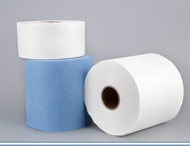 먼지가없는 종이 산업 닦는 종이 먼지 흡수 종이 흡수성 물 흡수 부직포 블루 화이트 대형 롤 먼지없는 천 기름 닦기 종이
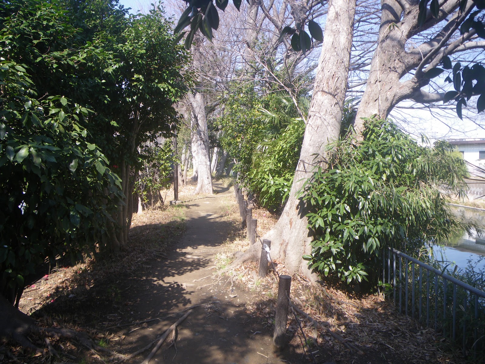 垳川の南岸に沿って続く神明六木遊歩道を先回の散歩の終了点、葛西用水が垳川に合流する地点に向かう。六木は中川に接する地区名、神明は綾瀬川に接する地区名である。
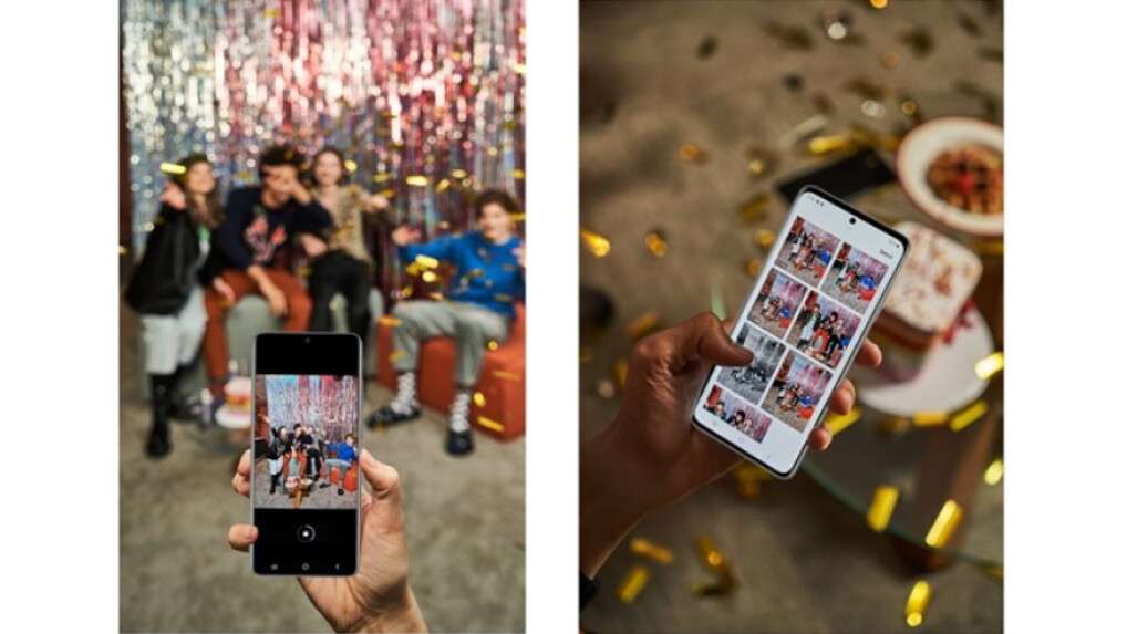 Samsung wprowadził tryb aparatu „Single Take” w Galaxy S20. Jednym kliknięciem możesz nagrać motyw za pomocą różnych kamer telefonu komórkowego, a opcjonalnie również jako wideo. W ulepszonej wersji dodano dodatkowe formaty. (Źródło: Samsung) [Wyświetl na jednej stronie | Pokaż jako historię] Zdjęcie 1/6

**Task description**
Reprint the listing above verbatim but drop the images.

**Output for this exercise**
 먼지가없는 종이 산업 닦는 종이 먼지 흡수 종이 흡수성 물 흡수 부직포 블루 화이트 대형 롤 먼지없는 천 기름 닦기 종이
 垳川の南岸に沿って続く神明六木遊歩道を先回の散歩の終了点、葛西用水が垳川に合流する地点に向かう。六木は中川に接する地区名、神明は綾瀬川に接する地区名である。
 Samsung wprowadził tryb aparatu „Single Take” w Galaxy S20. Jednym kliknięciem możesz nagrać motyw za pomocą różnych kamer telefonu komórkowego, a opcjonalnie również jako wideo. W ulepszonej wersji dodano dodatkowe formaty. (Źródło: Samsung) [Wyświetl na jednej stronie | Pokaż jako historię] Zdjęcie 1/6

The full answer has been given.